It is a low turnover vehicle, which helps to keep the trading costs to a minimum, with no sales or new additions to the portfolio during the first half of the year. In July a position was opened in Fevertree Drinks after its share price fell 47% from its peak in 2018. The managers believe that the business is now attractively valued given its quality and growth prospects.
Haven’t overpaid for the superior growth prospects
On a look-through basis the portfolio has free cash-flow growth and return on capital employed of 16% and 39% respectively, which is well ahead of the benchmark ratios of 10% and 10% respectively. However, the free cash-flow yield of 3.7% is the same as the index and this suggests that they haven’t overpaid for the superior growth prospects.
Smithson has consistently traded at a premium to NAV since it was launched and the board has taken advantage of this to issue new shares to meet the demand. In total it has been able to raise an additional £300m that together with the strong asset growth has taken its market value above the £1.3bn mark.
The fund benefits from a high-profile management group led by the controversial Terry Smith, which has helped to make it popular with both retail investors and wealth managers. This, together with the strong performance, has enabled the shares to trade at a small premium to NAV.

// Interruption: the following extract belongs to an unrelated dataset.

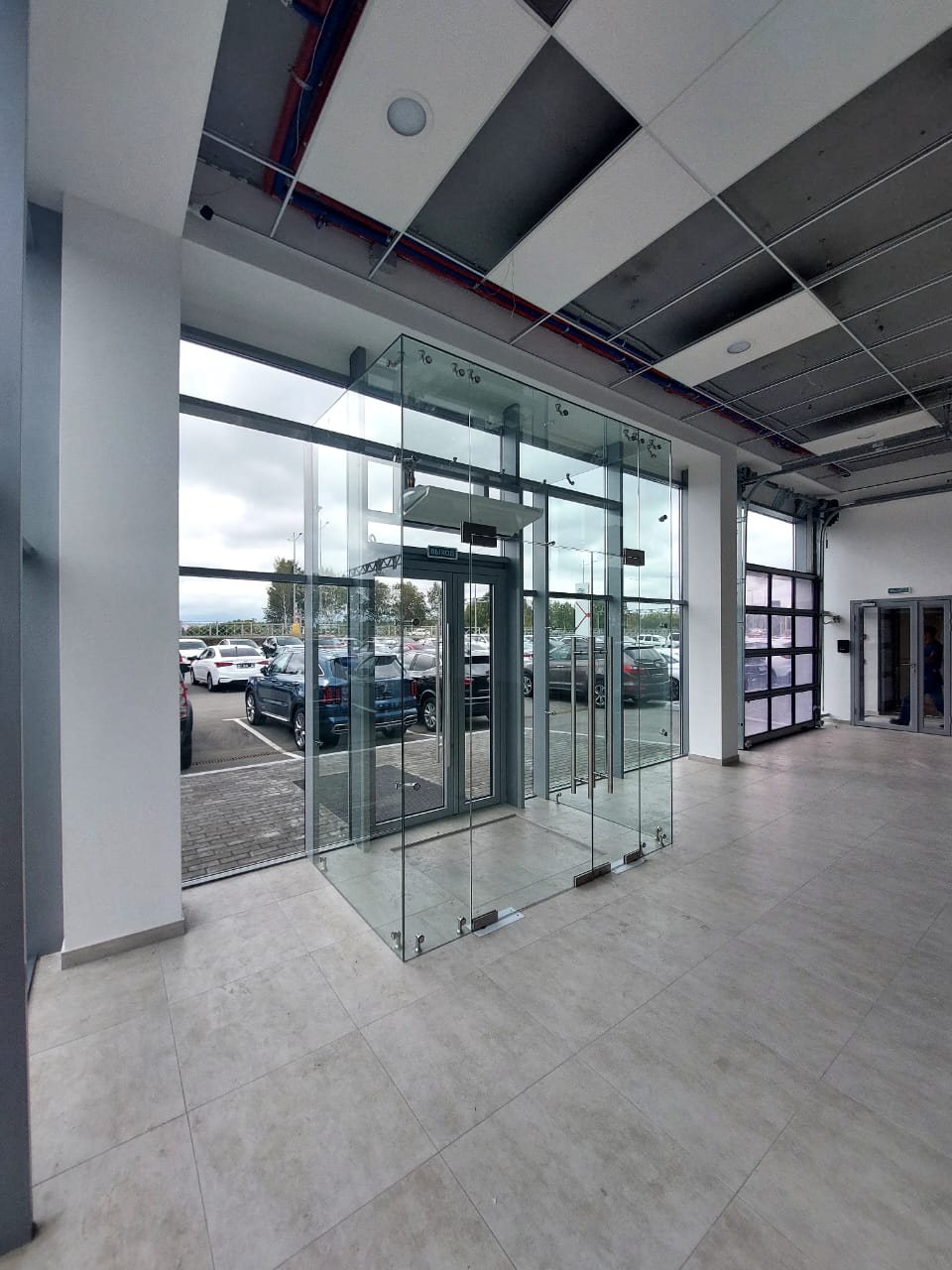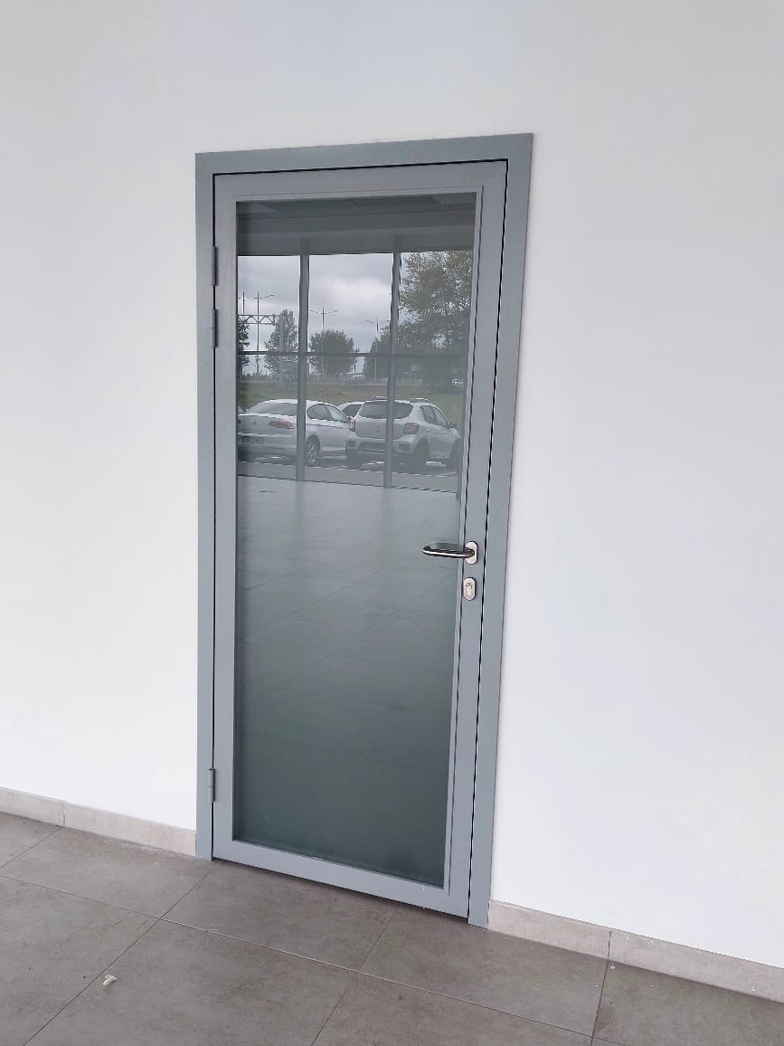 Также, в автосалоне компания Наяда смонтировала алюминиевые одностворчатые и двустворчатые двери Nayada-Vitrage I в проем. Каркас двери это алюминиевый профиль, для заполнения используется стекло 5 мм.

Smithson was created to give investors exposure to secular growth opportunities within the global small and mid-cap arena. This area has delivered twice the return of global large caps over the last 20 years and is a part of the market that is followed by far fewer analysts, which suggests that there is an opportunity for the managers to take advantage of more market inefficiencies. Long-term investors may well see it as a core portfolio holding.